十一月,寒风起。时溥亲率七万大军,如一片乌云,压在吕梁境内的梧康县。他要御敌于国门之外,要先声夺人。
可惜,他低估了一个人。
他是朱温手中的一把利剑,他是朱珍,他的剑,出鞘必见血。
他的人,就像他的剑,快、狠、准!徐州兵立足未稳,梁军已轰然撞入。
没有试探,没有犹豫,只有最残酷的搏杀。
时溥败了,败得干脆。他只能退,一退再退。朱珍紧咬不放,宿州陷落,萧县易主。

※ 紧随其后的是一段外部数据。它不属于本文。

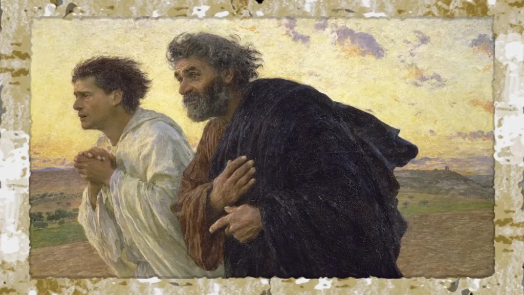 Nel 1898 Eugène Burnand ha dipinto i discepoli Pietro e Giovanni corrono verso il sepolcro il giorno della resurrezione di Cristo.

兵锋,直指徐州城下。
两军对垒,杀气盈野。
但最致命的杀机,往往来自内部。
朱珍勇猛,却性如烈火。他要建马厩,做长久围城的打算。可副将李唐宾的部下,却懒散怠工。
这本是小事,却点燃了积怨的干柴。
朱珍与李唐宾,早已不和。这在军中,不是秘密。朱温曾多次在中间调和,像安抚两匹躁动的烈马。
这一次,李唐宾亲自来理论。言语,是比刀更伤人的东西。旧怨新火,瞬间爆燃。
剑光一闪!
李唐宾倒下了,带着惊愕与不甘。血,染红了营帐的地面。
朱珍收剑还鞘,面色阴冷。他给朱温送去消息:李唐宾意欲反水,他已清理门户。
死无对证。朱珍以为,这不过是阵前一段小小的插曲,主公最多斥责几句。他毕竟,是战功赫赫的头号大将。
他错了。
在朱温的世界里,功劳是过去的,规矩才是现在的。未经请示,擅杀大将,这本身就是一种反叛。挑战权威的苗头,必须用最烫的血来浇灭。
朱温动了杀心。但有人拦住了他。
敬翔,那个总是站在阴影里的谋士,声音低沉而清晰:“主公,大战未毕,临阵擒帅,军心必乱。不若先稳其心,使其不备。否则,他若挟数万之众投了时溥,大势去矣。”
朱温沉默。他压下了怒火,脸上甚至挤出了一丝理解和宽容。他派人去安抚朱珍,说他知道朱珍的难处,让他安心带兵。
朱珍信了。他放松了紧绷的神经,以为风暴已经过去。
七月,朱温亲临萧县。他没有带千军万马,只带了不容置疑的权威。
朱珍被召见,他或许还以为是要商议破敌之策。直到冰冷的锁链套上他的身体,他才恍然惊醒。
众将求情,声音恳切。朱温只是冷冷地听着。然后,他挥了挥手。
刀落下,人头落地。
朱温站在全军面前,声音像结了冰:“自今日起,不遵号令、擅自行事者,朱珍,便是榜样!”
没有人再说话。只有风,呼啸着吹过校场。
庞师古接替了朱珍的位置,继续围困徐州。围城,是一场耐心的较量,看谁先流尽最后一滴血。
大顺二年,徐州城已是强弩之末。粮草将尽,人心涣散。时溥部将刘知俊,在绝望中打开了城门,倒戈相向。
时溥求和了。他别无选择。
朱温的回答很“爽快”:可以。交出徐州,你,爱去哪去哪。
这根本不是条件,这是驱逐。
朱温甚至“帮”他上奏朝廷,请朝廷另派武宁节度使。他的算盘很响:无论谁来,徐州都已是他囊中之物。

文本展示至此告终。